---- Dataset records

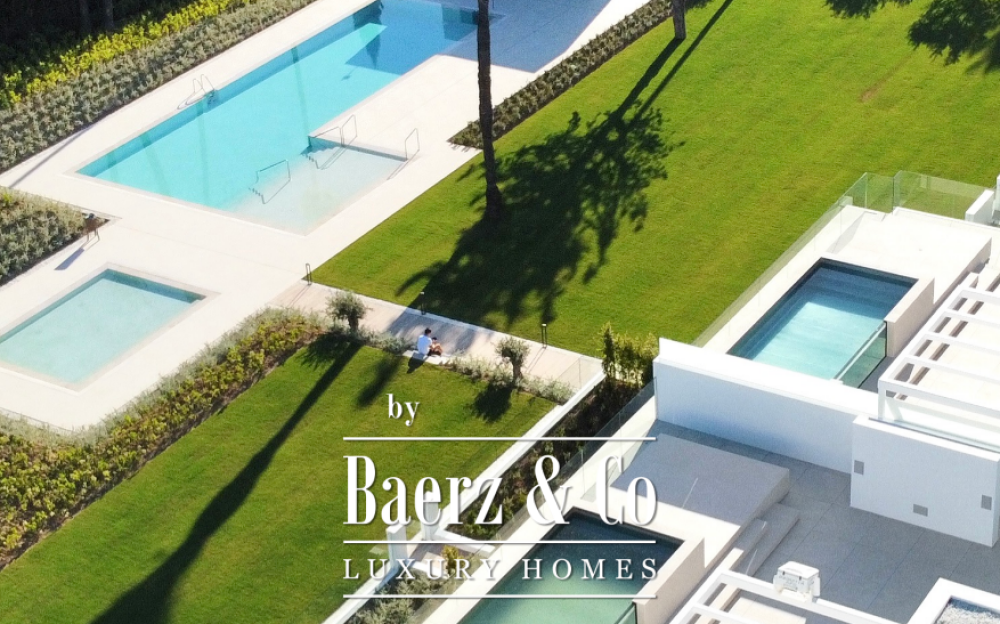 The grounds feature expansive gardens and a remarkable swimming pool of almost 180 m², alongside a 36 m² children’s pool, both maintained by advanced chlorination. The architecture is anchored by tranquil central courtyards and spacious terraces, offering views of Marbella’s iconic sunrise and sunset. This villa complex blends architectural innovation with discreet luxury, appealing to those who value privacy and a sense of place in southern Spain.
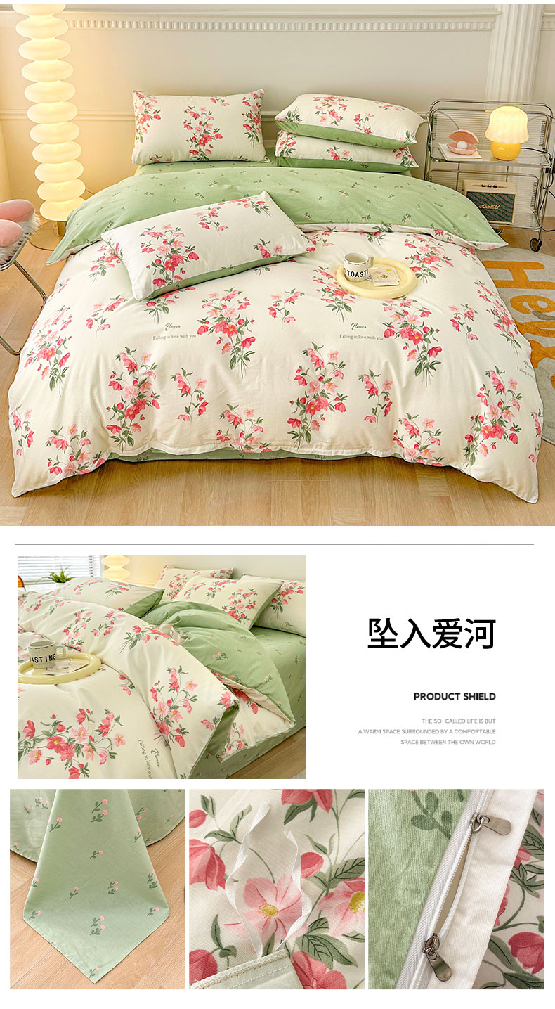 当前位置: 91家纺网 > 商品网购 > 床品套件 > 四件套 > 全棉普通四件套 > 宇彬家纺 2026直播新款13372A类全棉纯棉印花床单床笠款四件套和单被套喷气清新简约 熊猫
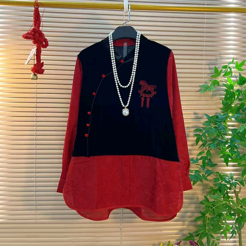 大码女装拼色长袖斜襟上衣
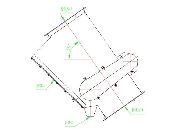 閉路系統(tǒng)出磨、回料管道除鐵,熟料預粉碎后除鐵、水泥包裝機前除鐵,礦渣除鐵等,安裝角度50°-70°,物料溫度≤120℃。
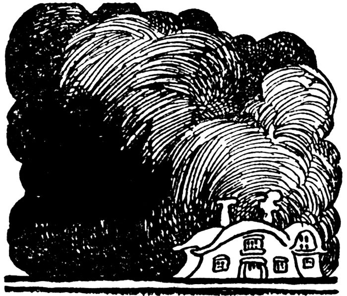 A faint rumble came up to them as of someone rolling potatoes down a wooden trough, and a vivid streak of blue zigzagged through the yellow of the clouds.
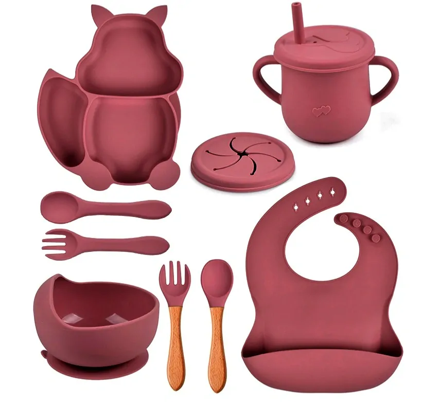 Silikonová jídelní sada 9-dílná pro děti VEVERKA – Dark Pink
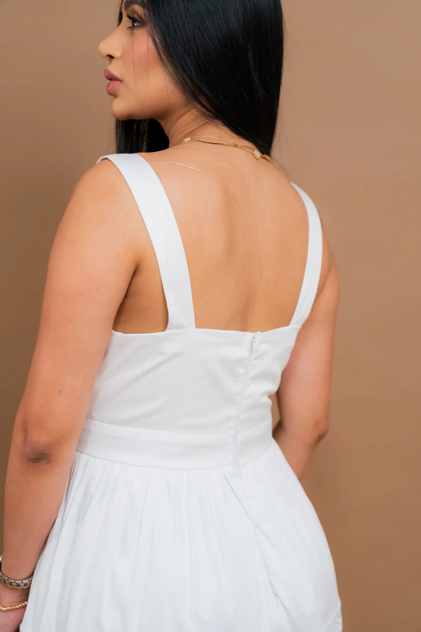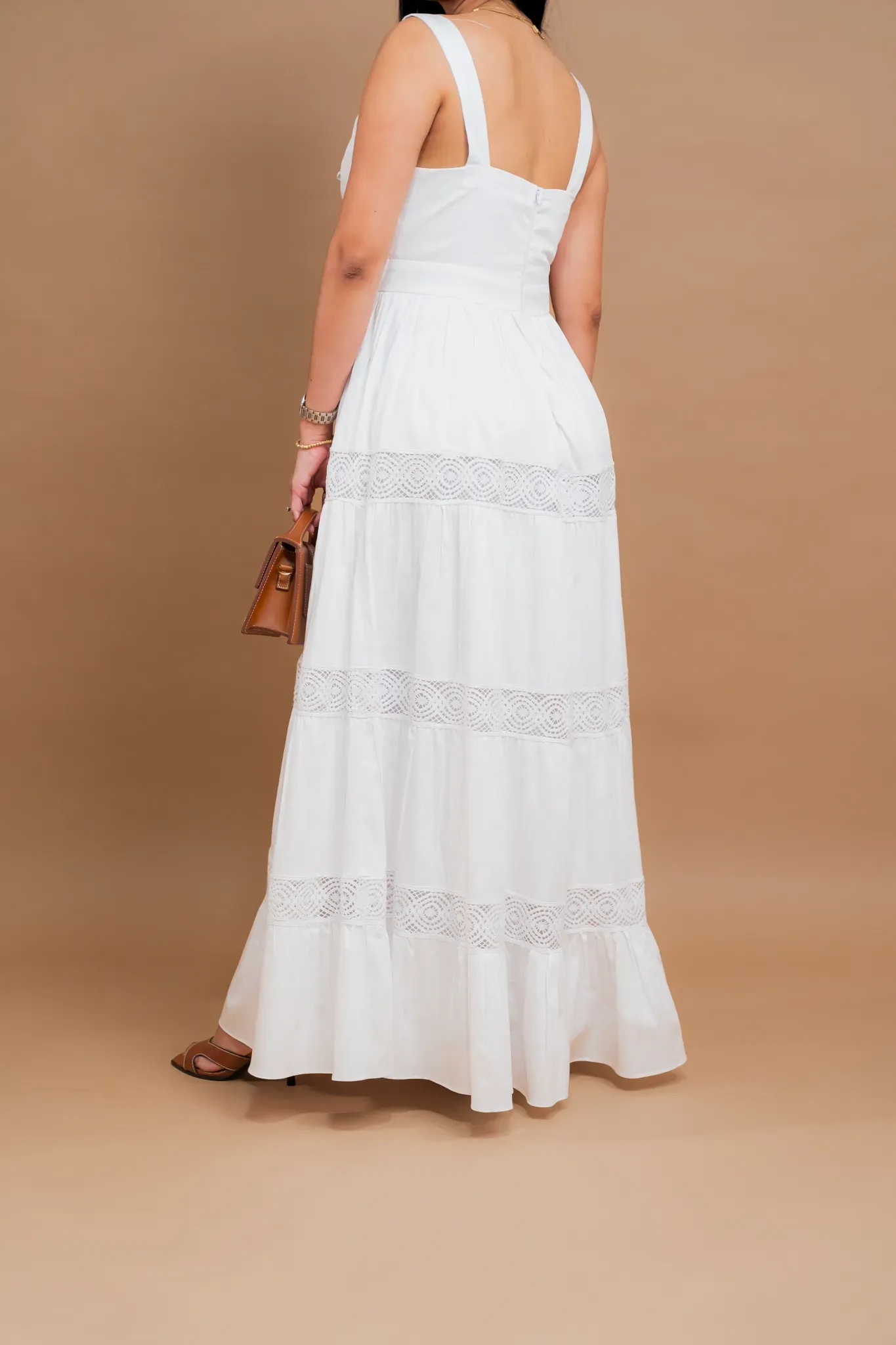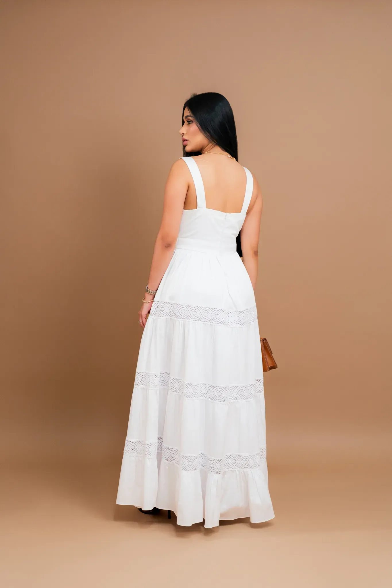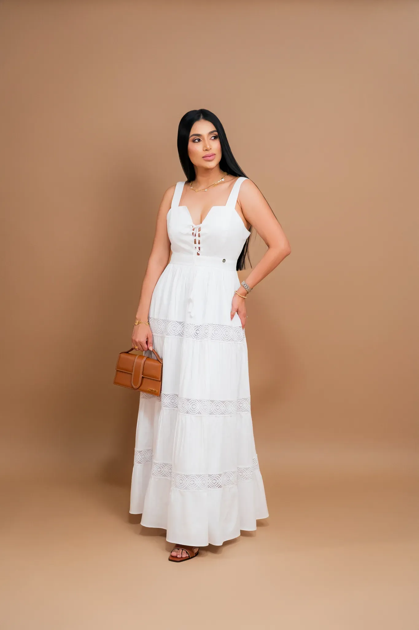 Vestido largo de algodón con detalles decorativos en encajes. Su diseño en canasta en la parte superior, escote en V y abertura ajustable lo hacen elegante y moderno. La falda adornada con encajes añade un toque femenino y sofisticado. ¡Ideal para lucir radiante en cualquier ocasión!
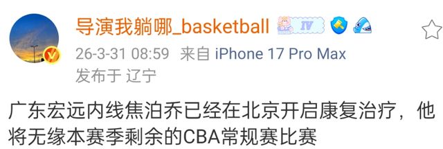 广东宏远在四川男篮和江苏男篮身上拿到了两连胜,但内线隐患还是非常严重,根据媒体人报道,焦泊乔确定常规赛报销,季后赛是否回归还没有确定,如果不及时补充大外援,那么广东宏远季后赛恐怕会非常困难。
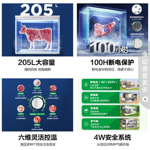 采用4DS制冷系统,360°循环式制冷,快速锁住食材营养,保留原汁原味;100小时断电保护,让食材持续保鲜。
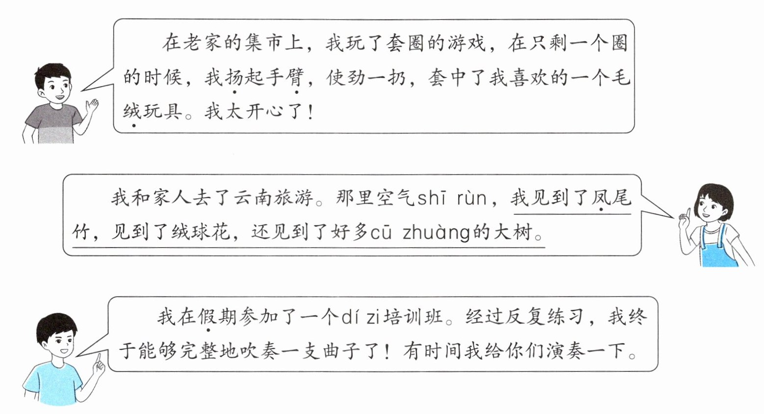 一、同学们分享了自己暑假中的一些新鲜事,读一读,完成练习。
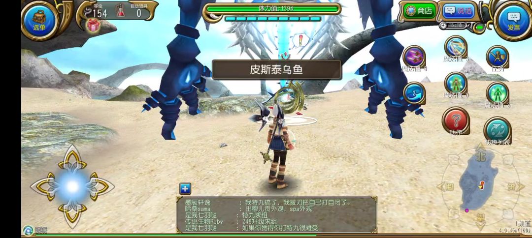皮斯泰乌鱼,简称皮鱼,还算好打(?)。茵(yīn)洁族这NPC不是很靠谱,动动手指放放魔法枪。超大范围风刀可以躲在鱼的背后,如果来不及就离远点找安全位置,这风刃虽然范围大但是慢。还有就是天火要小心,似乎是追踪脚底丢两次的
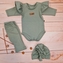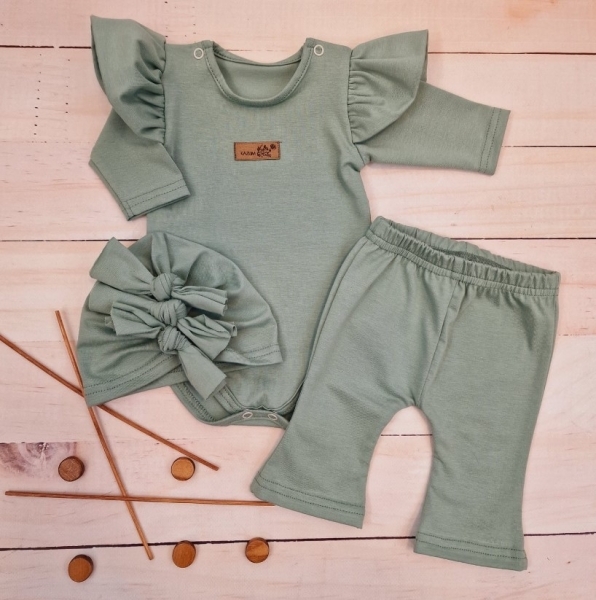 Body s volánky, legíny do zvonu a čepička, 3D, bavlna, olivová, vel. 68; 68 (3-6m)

--------

### Requirement
Restate the material above word for word, omitting the pictures.

### The answer
 The grounds feature expansive gardens and a remarkable swimming pool of almost 180 m², alongside a 36 m² children’s pool, both maintained by advanced chlorination. The architecture is anchored by tranquil central courtyards and spacious terraces, offering views of Marbella’s iconic sunrise and sunset. This villa complex blends architectural innovation with discreet luxury, appealing to those who value privacy and a sense of place in southern Spain.
 当前位置: 91家纺网 > 商品网购 > 床品套件 > 四件套 > 全棉普通四件套 > 宇彬家纺 2026直播新款13372A类全棉纯棉印花床单床笠款四件套和单被套喷气清新简约 熊猫
 大码女装拼色长袖斜襟上衣
 閉路系統(tǒng)出磨、回料管道除鐵,熟料預粉碎后除鐵、水泥包裝機前除鐵,礦渣除鐵等,安裝角度50°-70°,物料溫度≤120℃。
 A faint rumble came up to them as of someone rolling potatoes down a wooden trough, and a vivid streak of blue zigzagged through the yellow of the clouds.
 Silikonová jídelní sada 9-dílná pro děti VEVERKA – Dark Pink
 Vestido largo de algodón con detalles decorativos en encajes. Su diseño en canasta en la parte superior, escote en V y abertura ajustable lo hacen elegante y moderno. La falda adornada con encajes añade un toque femenino y sofisticado. ¡Ideal para lucir radiante en cualquier ocasión!
 广东宏远在四川男篮和江苏男篮身上拿到了两连胜,但内线隐患还是非常严重,根据媒体人报道,焦泊乔确定常规赛报销,季后赛是否回归还没有确定,如果不及时补充大外援,那么广东宏远季后赛恐怕会非常困难。
 采用4DS制冷系统,360°循环式制冷,快速锁住食材营养,保留原汁原味;100小时断电保护,让食材持续保鲜。
 一、同学们分享了自己暑假中的一些新鲜事,读一读,完成练习。
皮斯泰乌鱼,简称皮鱼,还算好打(?)。茵(yīn)洁族这NPC不是很靠谱,动动手指放放魔法枪。超大范围风刀可以躲在鱼的背后,如果来不及就离远点找安全位置,这风刃虽然范围大但是慢。还有就是天火要小心,似乎是追踪脚底丢两次的
 Body s volánky, legíny do zvonu a čepička, 3D, bavlna, olivová, vel. 68; 68 (3-6m)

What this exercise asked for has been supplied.